De werkloosheidsuitkering is een sociale verzekering die mensen een vangnet geeft wanneer ze hun werk verliezen. Het zorgt voor een verzekerd inkomen in afwachting van een nieuwe job. Bij de zelfstandigen heet dit systeem heel correct “overbruggingsrecht”, een overbrugging tussen twee activiteiten. Maar wat doe je als je al twee, vijf of acht jaar aan het “zoeken” bent? De VDAB heeft heel wat begeleidingen en zelfs sanctiemaatregelen, maar na twee jaar heeft het eigenlijk weinig zin om nog dingen te proberen. Welke begeleiding zal helpen wanneer al twee jaar niets helpt? Vandaar het voorstel om deze mensen uit de werkloosheid te halen. Een activeringsbeleid alleen werkt duidelijk niet. Daardoor verhuizen deze mensen van de VDAB naar het OCMW en daar heeft men andere instrumenten om de diverse drempels, zoals schulden, middelenmisbruik, huizenproblematiek,… aan te pakken. Ja, daar komt ook een zeker inkomensverlies bij kijken. Het leefloon van het OCMW, waar ook rekening wordt met andere beschikbare (financiële) middelen, ligt lager dan de werkloosheidsuitkering, maar dat is toch niet ongewoon? Na twee jaar is de “verzekering” uitgewerkt en moeten er andere maatregelen aan te pas komen.

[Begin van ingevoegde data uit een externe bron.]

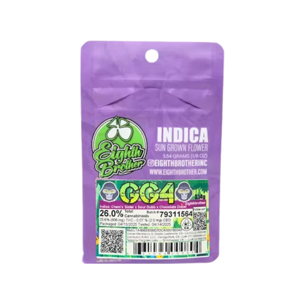 🦍💨 GG4 3.5G by Eighth Brother (aka Gorilla Glue #4) is a potent hybrid known for its heavy-hitting effects and sticky, resin-coated buds. A cross of Chem’s Sister, Sour Dubb, and Chocolate Diesel, GG4 delivers a powerful combination of euphoria and deep physical relaxation that lives up to its legendary reputation.
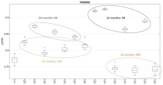 Boxplots of TGS2602 feature ΔR/R0. Four groups are highlighted: In blue, 24-months SR; in green, 24-months WR; in black, 12-months SR; and in orange, 12-months WR.
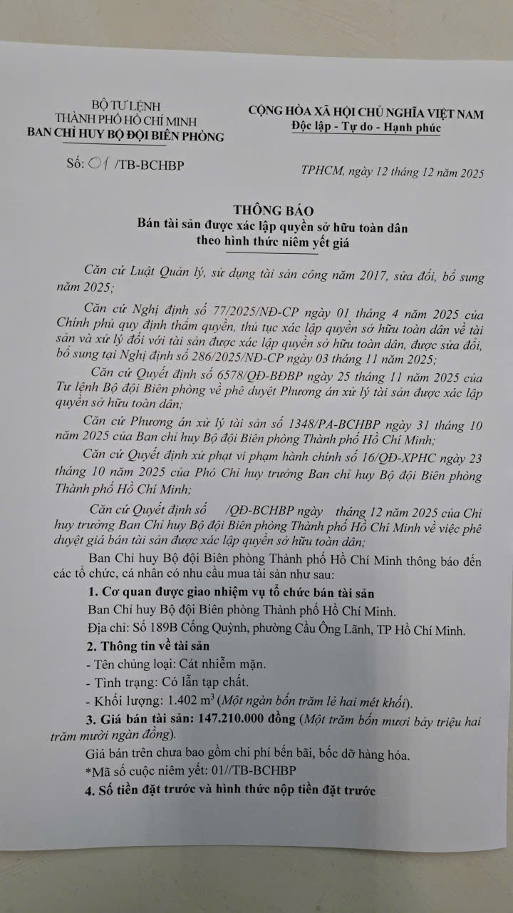 | 4. Đặc điểm của tài sản bán: | Niêm yết giá cát nhiễm mặn. Tình trạng: Có lẫn tạp chất. Khối lượng: 1.402 m3 (Một ngàn bốn trăm lẻ hai mét khối). |
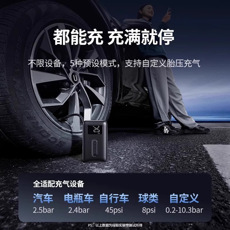 绿联车载充气泵电动打气筒打气泵汽车用测轮胎压自行车无线充气宝
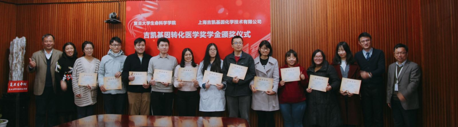 2018年12月11日下午,复旦吉凯基因转化医学奖学金颁奖仪式在海棠书屋 A208会议室隆重举行,海棠书屋 对外联络与发展处副处长陆颖丰,海棠书屋 党委书记陈浩明,党委副书记钟江,吉凯基因化学技术有限公司科研工具事业部总经理曾立, 获奖学生出席了颁奖仪式,会议由陈浩明书记主持。
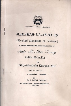 Makarim-ul-Akhlaq, Exalted Standards of Virtues, A Short Treatise on the Character of Amir Ali Sher Navayi (1441-1501 A.D.)
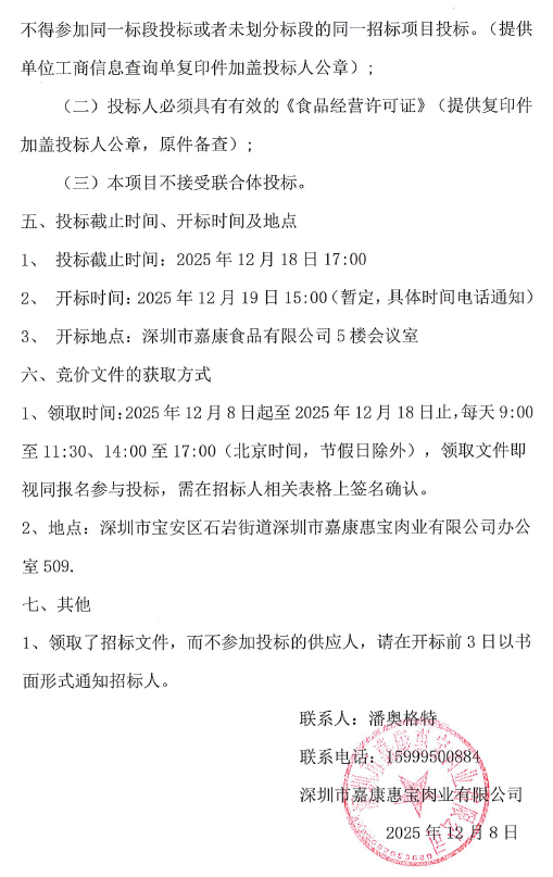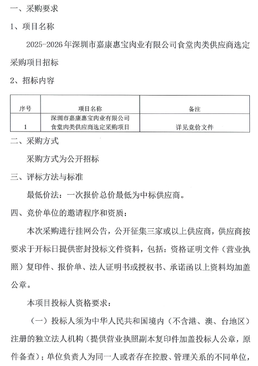 深圳市嘉康惠宝肉业有限公司食堂肉类供应商选定采购项目招标公告
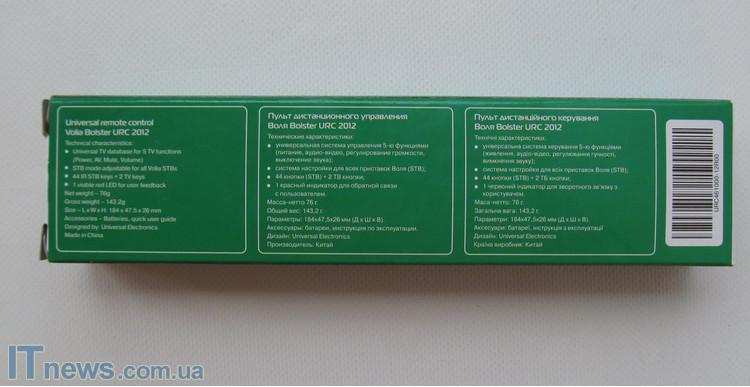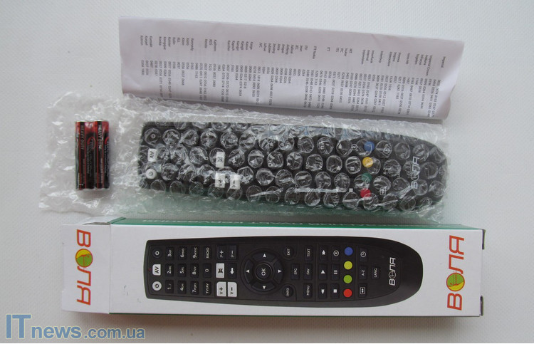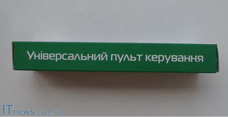 Пульт поставляется в картонной упаковке, на которой указаны его технические характеристики на трех языках: английском, русском и украинском. Помимо самого пульта в комплекте идут инструкция и пальчиковые батарейки.

We rekenen erop dat ook dit voorstel uit de supernota het haalt. We hebben deze mensen nodig voor onze vacatures. Het is toch te gek om migratiekanalen open te zetten voor laaggeschoolde jobs, terwijl er 136.000 mensen in ons land al twee jaar zonder werk zitten? Wie door een of andere aandoening of beperking niet meekan, verdient een andere begeleiding, zoals binnen de sociale economie. Maar alle anderen moeten aan de slag. En om daartoe te komen is een financiële incentive en een begeleiding van het OCMW efficiënter dan wat we nu doen. Kijken of er morgen witte rook is.